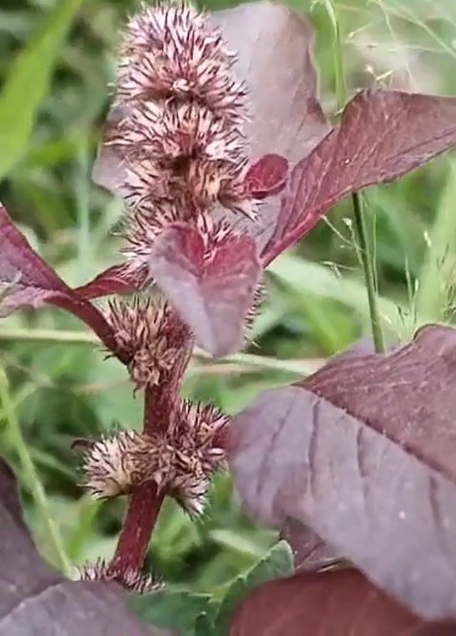 close-up of a plant with maroon leaves and a spiky, white and maroon flower head. The plant is surrounded by green grass and other foliage. The camera is stable, and there is no sound.
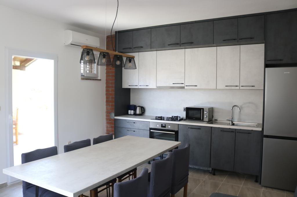 I highly recommend this place. The apartment is spacious, clean, very well equipped, with everything you need in the kitchen. Air conditioning in the living room, washing machine, terrace available. Situated in a quiet place, a bit of a walk to the beach but a very pleasant walk. Very friendly owners. I recommend.
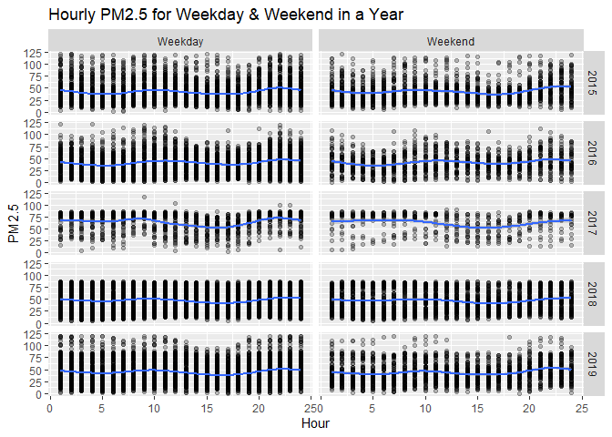 The below plot grid shows the hourly PM2.5 levels for weekdays and weekends. The blue line across each plot indicates Smoothed conditional means.
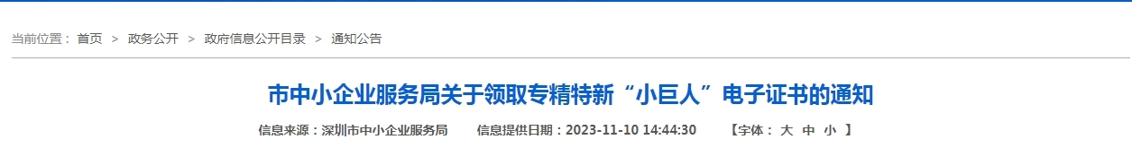 根据工信部第五批专精特新“小巨人”企业认定公告,我局为荣获第五批专精特新“小巨人”企业及第二批“小巨人”复核通过企业制作了电子证书。请获评的企业,登录“深i企”平台线上领取电子证书。具体事项通知如下:
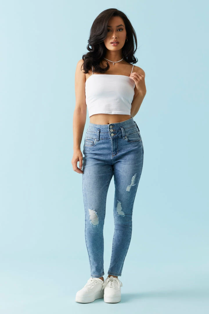 Treat your peach! Push-up jeans are your bottoms new best friend. This jean features high-rise waist, zip-fly button-up closure, five pockets, push-up fit, skinny leg, light distressing and medium wash.
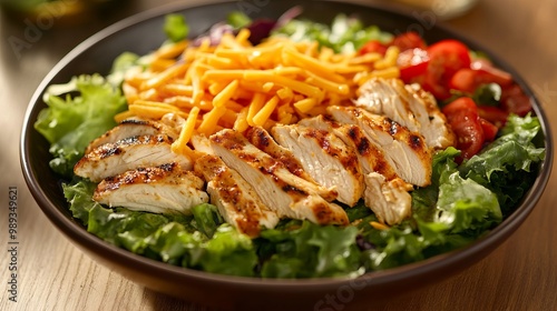 A tasty salad with roasted chicken, fresh greens, and shredded cheddar cheese. A healthy and satisfying meal option.
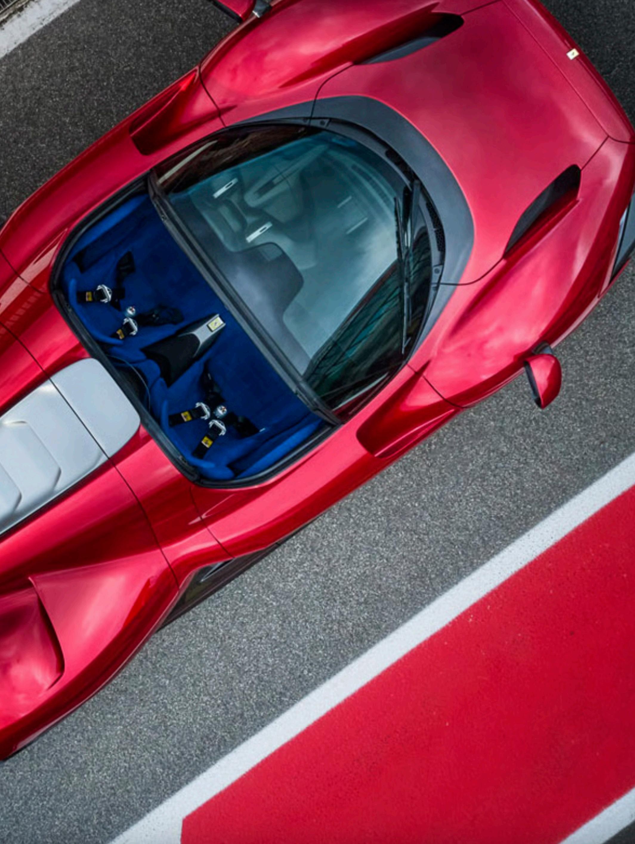 On the dial, the clutch wheel of a V8 engine influences the barrel jewel setting, while models such as the 488 Challenge Evo and SF90 Stradale inspire the case styling and pushers. The skeletonized 30-minute totalizer on the dial mirrors the prominence of a tachometer on a modern Ferrari dashboard, completing the watch’s three-dimensional visual appeal.
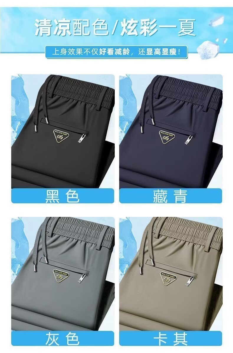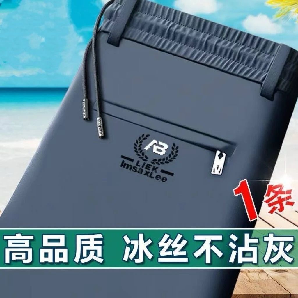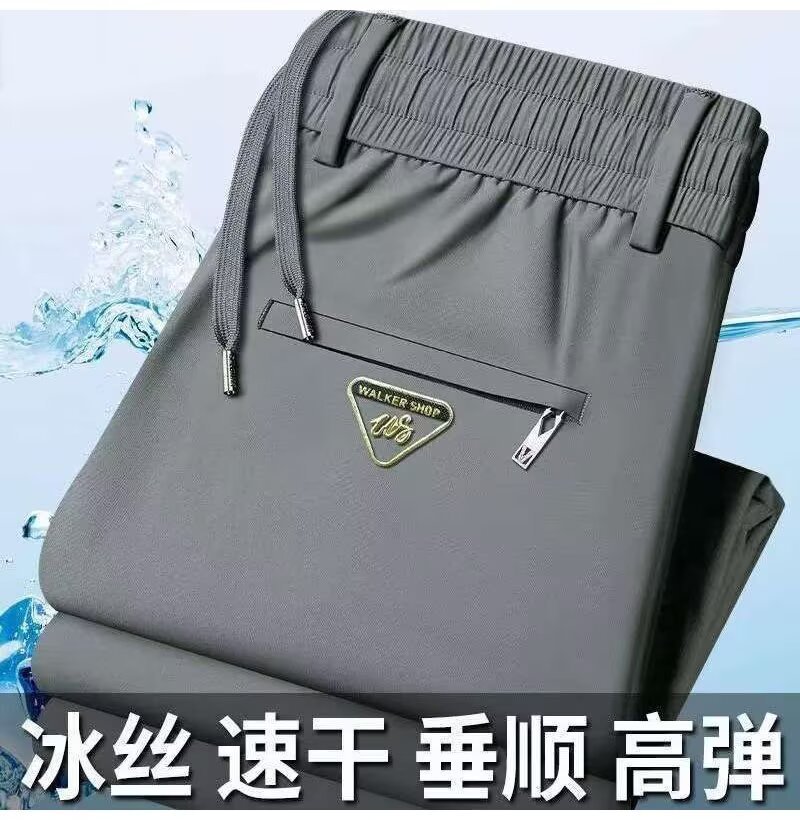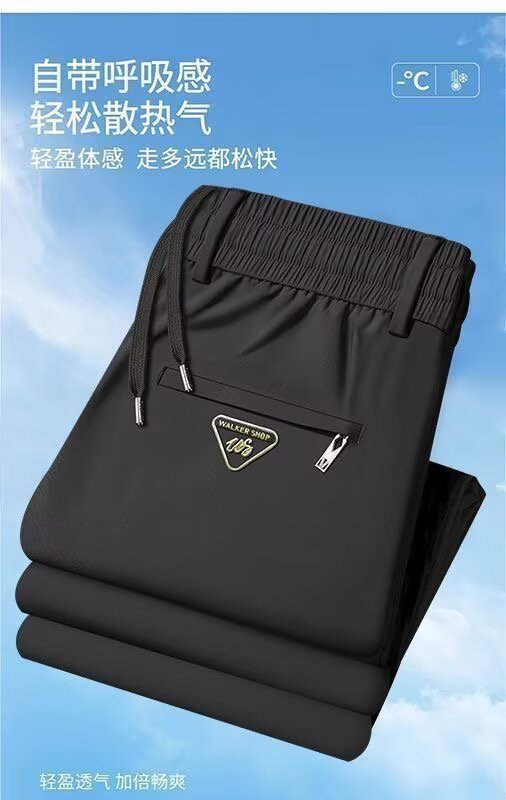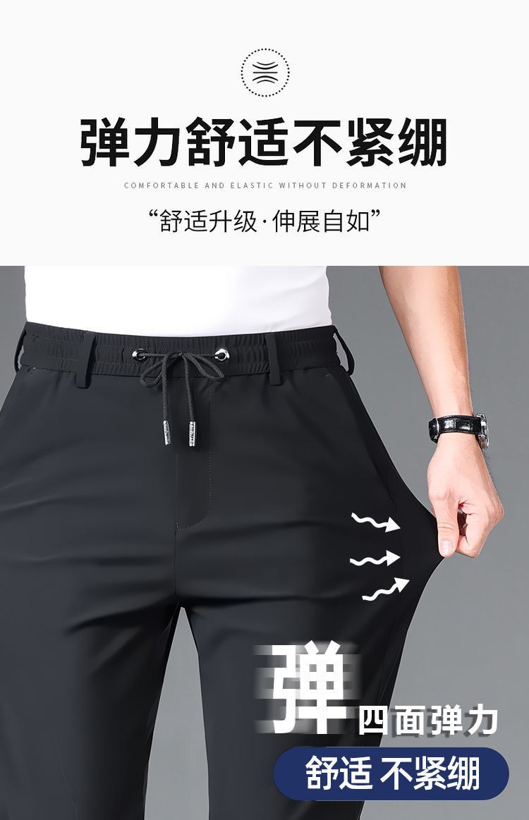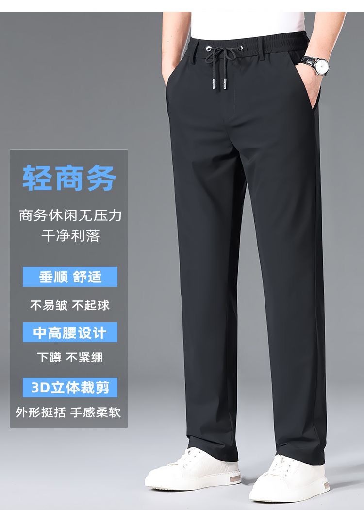 아이스 실크 캐주얼 바지 남성 여름 얇은 대형 느슨한 통기성 스트레이트 비즈니스 바지 탄성 속건 스포츠 바지스토어 가기

* What the task requires:
Give back exactly the lines above that run from the one with "I highly recommend" to the one with "A tasty salad", including both, with the pictures left out.

* Written solution:
 I highly recommend this place. The apartment is spacious, clean, very well equipped, with everything you need in the kitchen. Air conditioning in the living room, washing machine, terrace available. Situated in a quiet place, a bit of a walk to the beach but a very pleasant walk. Very friendly owners. I recommend.
 The below plot grid shows the hourly PM2.5 levels for weekdays and weekends. The blue line across each plot indicates Smoothed conditional means.
 根据工信部第五批专精特新“小巨人”企业认定公告,我局为荣获第五批专精特新“小巨人”企业及第二批“小巨人”复核通过企业制作了电子证书。请获评的企业,登录“深i企”平台线上领取电子证书。具体事项通知如下:
 Treat your peach! Push-up jeans are your bottoms new best friend. This jean features high-rise waist, zip-fly button-up closure, five pockets, push-up fit, skinny leg, light distressing and medium wash.
 A tasty salad with roasted chicken, fresh greens, and shredded cheddar cheese. A healthy and satisfying meal option.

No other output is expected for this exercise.